Items listed in a dataset:
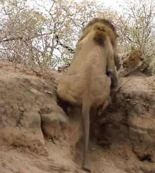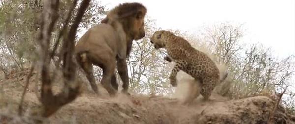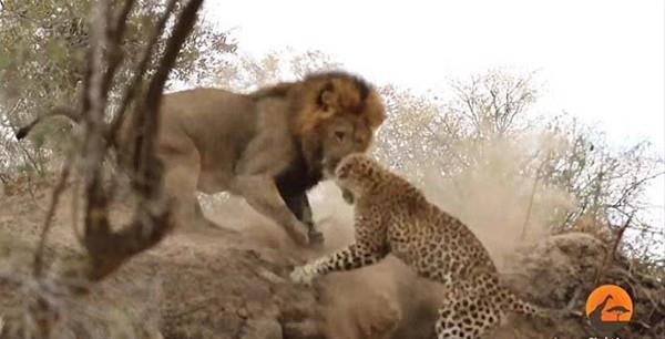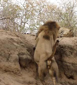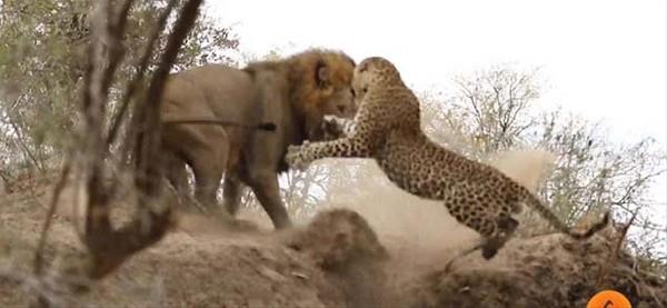 Erkek aslanın, gözüne kestirdiği bir leopara saldırma anları safariye çıkan turistler tarafından kaydedildi.
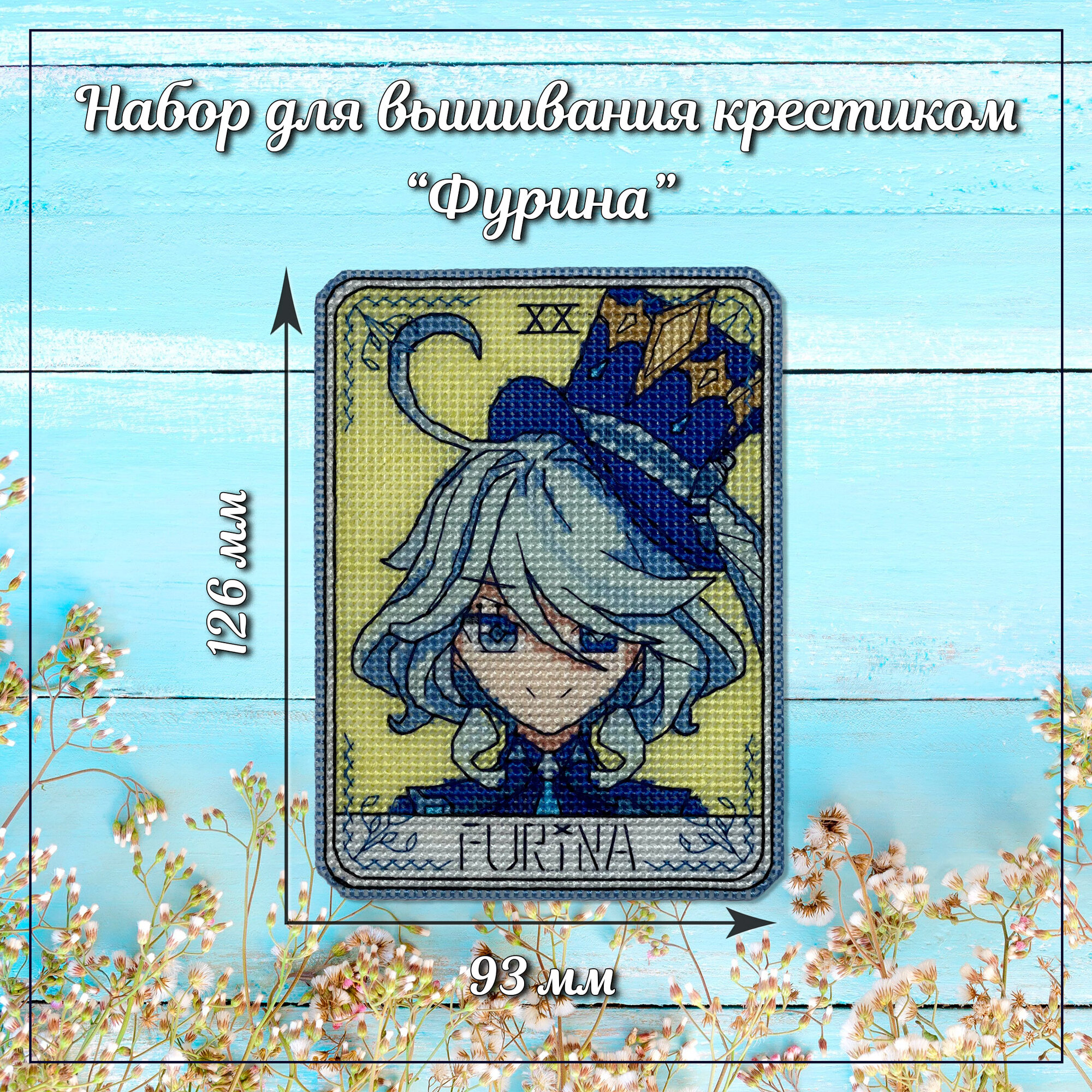 Отзывы на Набор для вышивания крестиком на пластике Фурина Геншин, карта Таро Furina, размер 12,6х9,3 см, 14 каунт, значок
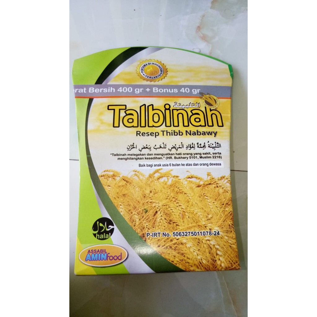 Talbinah adalah resep thibbun nabawy yang terbuat dari tepung hasil penggilinggan biji gandum murni alami. Membantu mengobati semua gangguan lambung, mengenyahkan sakit maag kronis secara herbal, alami dan nabawy. meluruhkan kolesterol dan mereduksi serangan jantung, mengurangi perut kembung dan masuk angin, antiemetic (mengurangi mual dan muntah), mengobati gastritis serta sebagai makanan tambahan untuk kesehatan lambung. (baik bagi anak usia 6 bulan ke atas)
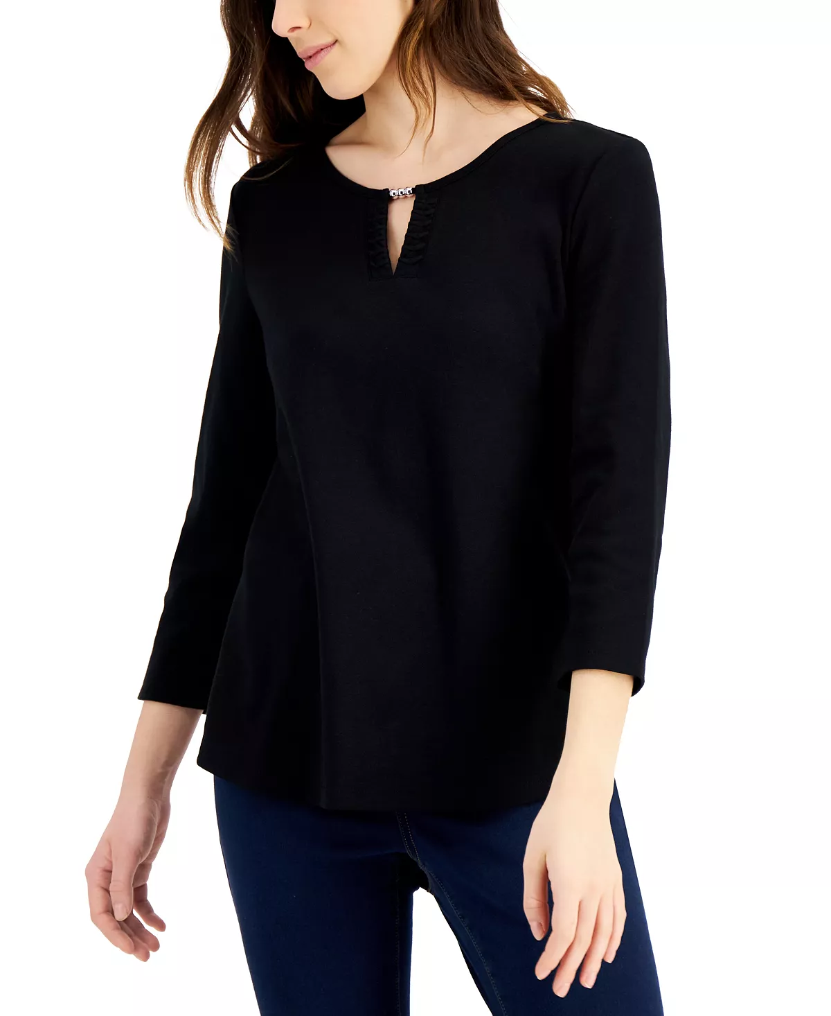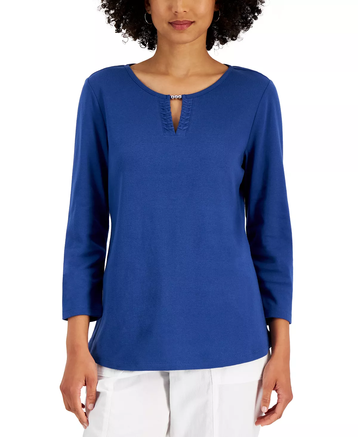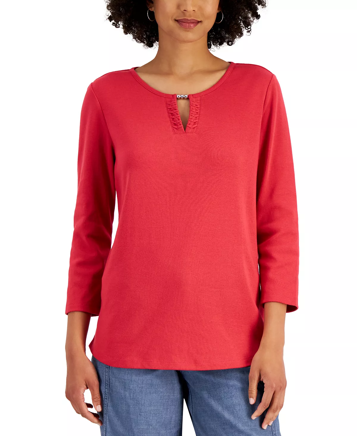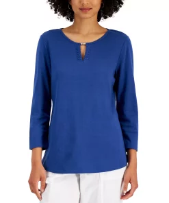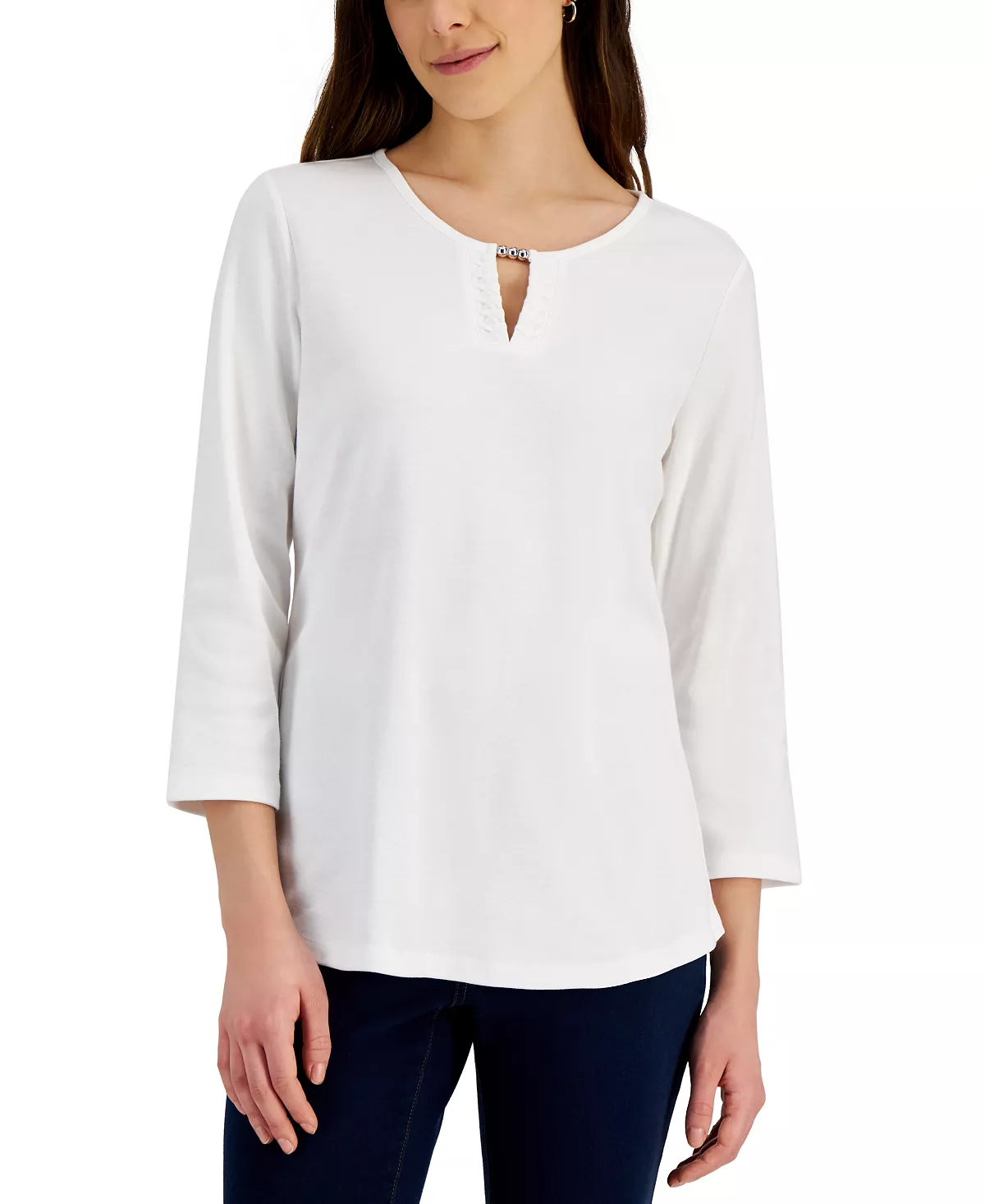 Skip the T-shirt and go for the polished look of this Karen Scott top, in all cotton with beads at the split neckline.
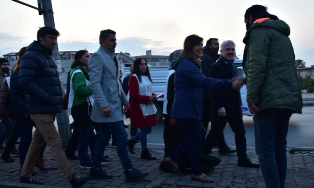 Burada bir süre işçilere bildiri dağıtıldıktan sonra Tuzla Gemi Tersanesi önüne yürüyüşe geçildi. Yol boyu bildiri dağıtılırken ve işçilere yönelik konuşmalarda DEM Parti’nin politikaları anlatılırken Beştaş ve Çepni de servis bekleyen işçilerle sohbet etti.
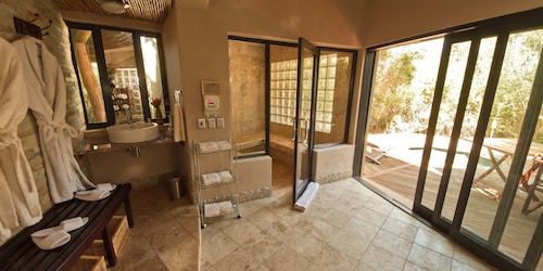 州立公園内にあるこのオールインクルーシブロッジは、アフリカン プライド プンバ プライベート ゲーム リザーブから 0.1 km、ラリベラ動物保護区および1820 セトラーズ ナショナル モニュメントから 25 km 圏内です。セトラーズ・ガーデン1820およびローズ大学も 25 km 圏内です。 フルサービス スパ、屋外プール、およびレストランがあるロッジです。イングリッシュ ブレックファスト (無料)、共用エリアでの WiFi (無料)、およびセルフパーキング (無料)もご利用いただけます。その他に、敷地内にはフィットネスセンター、バー / ラウンジ、およびカンファレンス センターがあります。
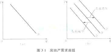 房地產需求曲線表示房地產的需求量與其價格之間的關系--某種房地產的需求量如何隨著該種房地產價格的變動而變動。在圖3-1(a)中,根據習慣,以縱坐標軸表示某種房地產的價格(P),橫坐標軸表示該種房地產的需求量(Q),因為在房地產價格較高時房地產的需求量減少,在房地產價格較低時房地產的需求量增加,所以得到的是一條向右下方傾斜的房地產需求曲線(D)。
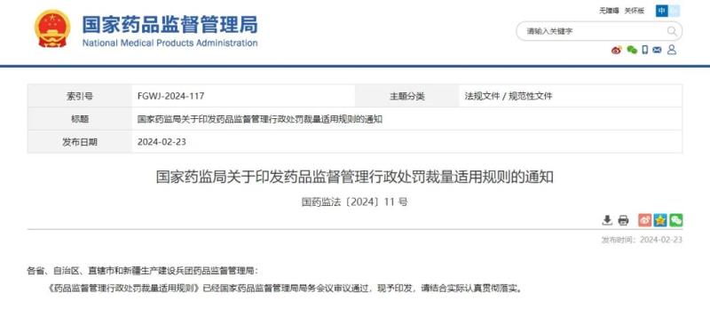 近日,國家藥監(jiān)局發(fā)布《藥品監(jiān)督管理行政處罰裁量適用規(guī)則》(以下簡稱《規(guī)則》),并宣布自2024年8月1日起施行。
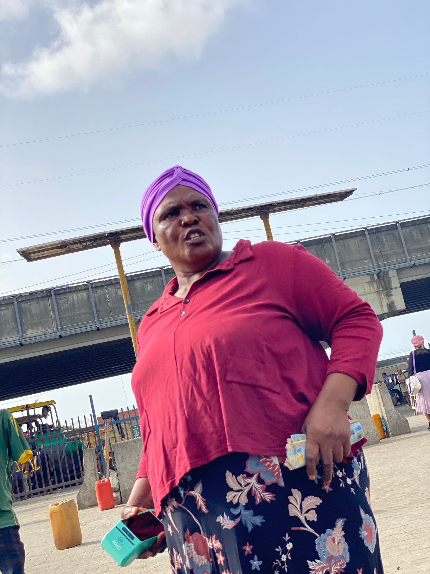 A woman wearing a purple headwrap and a dark red shirt with a floral-patterned skirt stands outside in Ado, Nigeria. She is holding a stack of banknotes in her left hand and a light blue Opay device i…read more
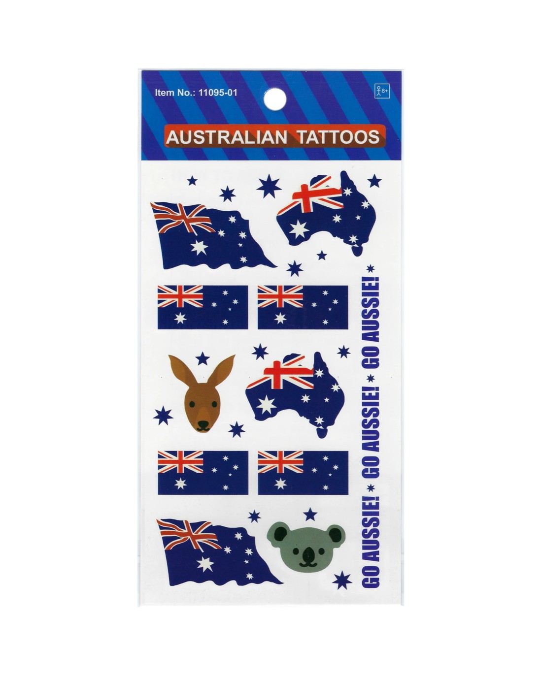 Aussie, Aussie, oi, oi! Show some Aussie spirit at your Australian themed party or Australian themed sporting event with this fun mix of Australian flag, kangaroo and koala tattoos!
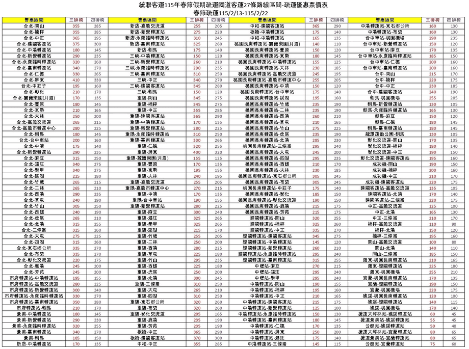 3.疏運原價可參考:(票價表-雲端連結)
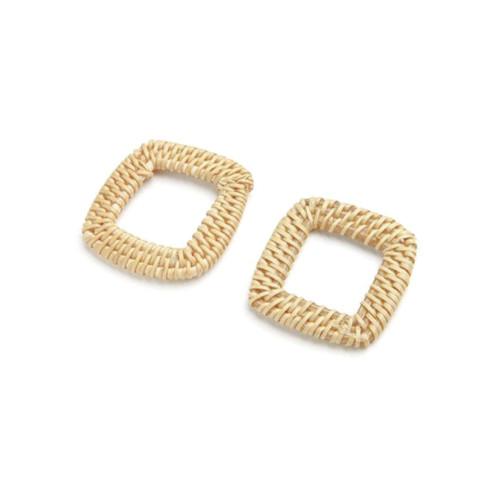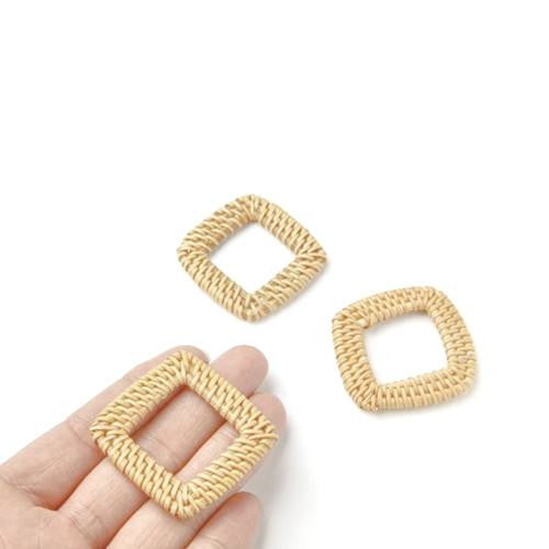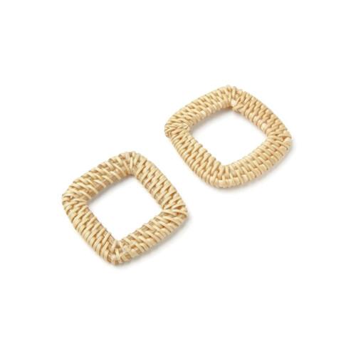 Linking Rings, Square, Rattan, Woven, Cream, 40mm
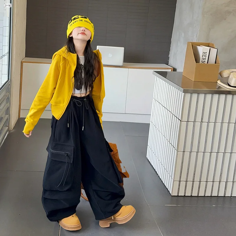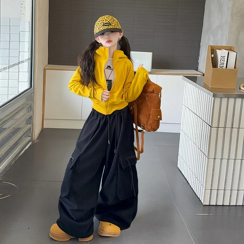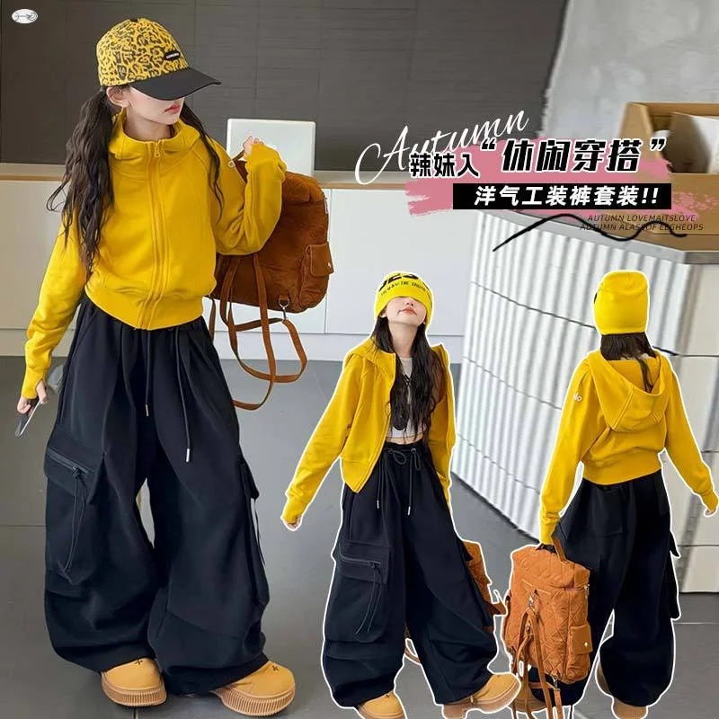 2025 New Fashion Kids Girl’s Autumn Winter Clothing Set Yellow Sport Sweatshirt Jacket + Cargo Pants 2 Pcs Outfit Set

TASK INSTRUCTIONS
Where an entry contains an image, skip the image and write out the rest exactly.

WRITTEN ANSWER
 Erkek aslanın, gözüne kestirdiği bir leopara saldırma anları safariye çıkan turistler tarafından kaydedildi.
 Отзывы на Набор для вышивания крестиком на пластике Фурина Геншин, карта Таро Furina, размер 12,6х9,3 см, 14 каунт, значок
 Talbinah adalah resep thibbun nabawy yang terbuat dari tepung hasil penggilinggan biji gandum murni alami. Membantu mengobati semua gangguan lambung, mengenyahkan sakit maag kronis secara herbal, alami dan nabawy. meluruhkan kolesterol dan mereduksi serangan jantung, mengurangi perut kembung dan masuk angin, antiemetic (mengurangi mual dan muntah), mengobati gastritis serta sebagai makanan tambahan untuk kesehatan lambung. (baik bagi anak usia 6 bulan ke atas)
 Skip the T-shirt and go for the polished look of this Karen Scott top, in all cotton with beads at the split neckline.
 Burada bir süre işçilere bildiri dağıtıldıktan sonra Tuzla Gemi Tersanesi önüne yürüyüşe geçildi. Yol boyu bildiri dağıtılırken ve işçilere yönelik konuşmalarda DEM Parti’nin politikaları anlatılırken Beştaş ve Çepni de servis bekleyen işçilerle sohbet etti.
 州立公園内にあるこのオールインクルーシブロッジは、アフリカン プライド プンバ プライベート ゲーム リザーブから 0.1 km、ラリベラ動物保護区および1820 セトラーズ ナショナル モニュメントから 25 km 圏内です。セトラーズ・ガーデン1820およびローズ大学も 25 km 圏内です。 フルサービス スパ、屋外プール、およびレストランがあるロッジです。イングリッシュ ブレックファスト (無料)、共用エリアでの WiFi (無料)、およびセルフパーキング (無料)もご利用いただけます。その他に、敷地内にはフィットネスセンター、バー / ラウンジ、およびカンファレンス センターがあります。
 房地產需求曲線表示房地產的需求量與其價格之間的關系--某種房地產的需求量如何隨著該種房地產價格的變動而變動。在圖3-1(a)中,根據習慣,以縱坐標軸表示某種房地產的價格(P),橫坐標軸表示該種房地產的需求量(Q),因為在房地產價格較高時房地產的需求量減少,在房地產價格較低時房地產的需求量增加,所以得到的是一條向右下方傾斜的房地產需求曲線(D)。
 近日,國家藥監(jiān)局發(fā)布《藥品監(jiān)督管理行政處罰裁量適用規(guī)則》(以下簡稱《規(guī)則》),并宣布自2024年8月1日起施行。
 A woman wearing a purple headwrap and a dark red shirt with a floral-patterned skirt stands outside in Ado, Nigeria. She is holding a stack of banknotes in her left hand and a light blue Opay device i…read more
 Aussie, Aussie, oi, oi! Show some Aussie spirit at your Australian themed party or Australian themed sporting event with this fun mix of Australian flag, kangaroo and koala tattoos!
 3.疏運原價可參考:(票價表-雲端連結)
 Linking Rings, Square, Rattan, Woven, Cream, 40mm
 2025 New Fashion Kids Girl’s Autumn Winter Clothing Set Yellow Sport Sweatshirt Jacket + Cargo Pants 2 Pcs Outfit Set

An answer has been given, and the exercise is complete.